The second one, Pip thought, but she didn't say it aloud. Ninety percent of her arguments with Ron ended in forfeit courtesy of her crippling self-doubt. She was determined that this would not be one of them.

“What time is it?” she demanded.

Scarcely able to conceal his relief at the perceived change in subject, Ron checked his watch. “Three-thirty.”

“Three-thirty?” Pip's exclamation would have woken the upstairs neighbors, had there still been any. “I've been out for five hours?”

“Looks like it.”

“People don't stay unconscious for hours! Not unless they have some kind of medical condition. I should have been out for a few minutes, tops.”

“I don't know what you want me to say.”

“This doesn't make any sen...ow.” The bit of brain behind the bridge of her nose chose that moment to fling itself against the walls of its bony prison. Her eyes watered, and her stomach roiled. “What is this? Why am I sick? I haven't eaten anything weir-” She broke off abruptly. “Wait a minute. Puking. Hung over. Unconscious for five hours." Her throbbing eyeballs waxed larger to accommodate her shocked expression. "You-! Did you drug me?”

“You need more sleep, Pip,” Ron said, too quickly. Standing, he strode to Pip's side and pushed her down onto the mattress, ignoring her shriek as her hair landed in the puddle of vomit. “You're sounding crazier than usual. Have you been taking your medication?”

“I've been taking something, clearly,” Pip raged. “What was it? Rohypnol? Special-K? I hear G.H.B. produces a hangover just like what you get with alcohol. What did you give me, you son of a bi-”

Brrzt! The door buzzer sounded, interrupting the argument before it could descend into violence.

“That'll be Adam and Josh,” said Ron. He turned to leave. “We'll be playing Bomberman in the living room,” he told Pip over his shoulder. “Take a nap, get yourself cleaned up, then come join us. And no more of this crazy date-rape shit.” He punctuated this point with a pause. “Our friends hate your Psycho Girlfriend act.”

'Our friends,' hell, Pip scoffed inwardly. Adam and Josh were Ron's people; they were no more Pip's friends than were Andrea, Eddie and the bunch. Of course, since Ron had gone out of his way to systematically alienate most of Pip's high school buddies, she had no choice but to rely on his connections for social gratification. A strained joke here, a shared game of Mario Tennis there—that was all she got these days. It was pitiful.

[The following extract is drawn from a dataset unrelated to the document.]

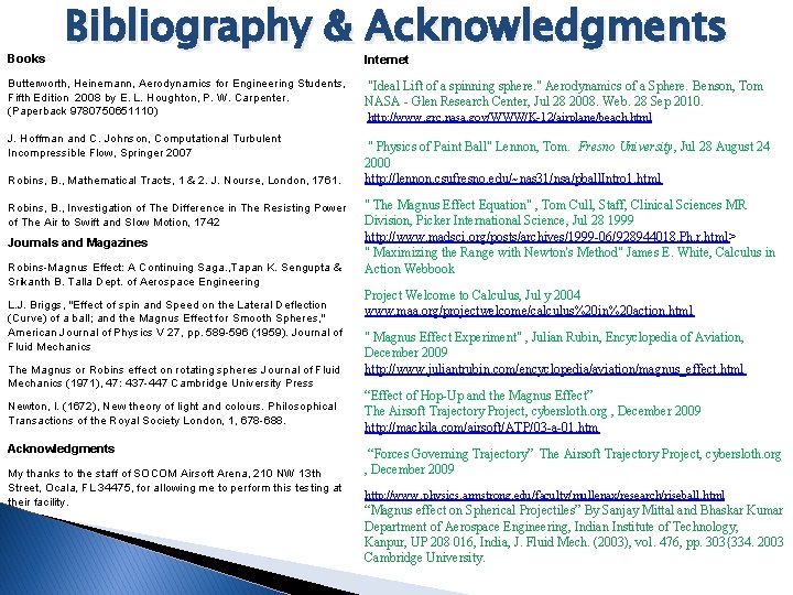 Books Bibliography & Acknowledgments Butterworth, Heinemann, Aerodynamics for Engineering Students, Fifth Edition 2008 by E. L. Houghton, P. W. Carpenter. (Paperback 9780750651110) J. Hoffman and C. Johnson, Computational Turbulent Incompressible Flow, Springer 2007 Robins, B. , Mathematical Tracts, 1 & 2. J. Nourse, London, 1761. Robins, B. , Investigation of The Difference in The Resisting Power of The Air to Swift and Slow Motion, 1742 Journals and Magazines Robins-Magnus Effect: A Continuing Saga. , Tapan K. Sengupta & Srikanth B. Talla Dept. of Aerospace Engineering L. J. Briggs, "Effect of spin and Speed on the Lateral Deflection (Curve) of a ball; and the Magnus Effect for Smooth Spheres, " American Journal of Physics V 27, pp. 589 -596 (1959). Journal of Fluid Mechanics The Magnus or Robins effect on rotating spheres Journal of Fluid Mechanics (1971), 47: 437 -447 Cambridge University Press Newton, I. (1672), New theory of light and colours. Philosophical Transactions of the Royal Society London, 1, 678 -688. Acknowledgments My thanks to the staff of SOCOM Airsoft Arena, 210 NW 13 th Street, Ocala, FL 34475, for allowing me to perform this testing at their facility. Internet "Ideal Lift of a spinning sphere. " Aerodynamics of a Sphere. Benson, Tom NASA - Glen Research Center, Jul 28 2008. Web. 28 Sep 2010. http: //www. grc. nasa. gov/WWW/K-12/airplane/beach. html " Physics of Paint Ball" Lennon, Tom. Fresno University, Jul 28 August 24 2000 http: //lennon. csufresno. edu/~nas 31/nsa/pball. Intro 1. html " The Magnus Effect Equation" , Tom Cull, Staff, Clinical Sciences MR Division, Picker International Science, Jul 28 1999 http: //www. madsci. org/posts/archives/1999 -06/928944018. Ph. r. html> " Maximizing the Range with Newton's Method" James E. White, Calculus in Action Webbook Project Welcome to Calculus, Jul y 2004 www. maa. org/projectwelcome/calculus%20 in%20 action. html " Magnus Effect Experiment" , Julian Rubin, Encyclopedia of Aviation, December 2009 http: //www. juliantrubin. com/encyclopedia/aviation/magnus_effect. html “Effect of Hop-Up and the Magnus Effect” The Airsoft Trajectory Project, cybersloth. org , December 2009 http: //mackila. com/airsoft/ATP/03 -a-01. htm “Forces Governing Trajectory” The Airsoft Trajectory Project, cybersloth. org , December 2009 http: //www. physics. armstrong. edu/faculty/mullenax/research/riseball. html “Magnus effect on Spherical Projectiles” By Sanjay Mittal and Bhaskar Kumar Department of Aerospace Engineering, Indian Institute of Technology, Kanpur, UP 208 016, India, J. Fluid Mech. (2003), vol. 476, pp. 303{334. 2003 Cambridge University.

Sighing, she sank deeper into the vomit bed and wished someone would contact her.

And then someone did.

Got your number from Duncan, the message read. Have news. Can we meet? Charles Shreve.

Pip snickered. What kind of stuffy person signed a text message—with his full name, no less?

Can we meet? She re-read the words half a dozen times. They sounded vaguely clandestine. No doubt the Pip of Yesterday would have been able to read an entire library of trashy romance novels into that line. The Pip of Today, however, had met Charles in person. There was nothing romantic or clandestine about him.

I have news too, she texted back. Beirut Lounge. 6 p.m. Tomorrow.

She set down her phone. Picked it up again. Sent another message.

Duncan's coming too.

She hadn't actually asked Duncan, but she was sure he'd be game. Anyway, if Pip could skip another German class to attend the meeting, Duncan could skip his weekly round of Dungeons & Dragons. This was important. Something sinister was afoot.

Her youthful optimism partially restored, Pip hopped out of bed and went to take a shower.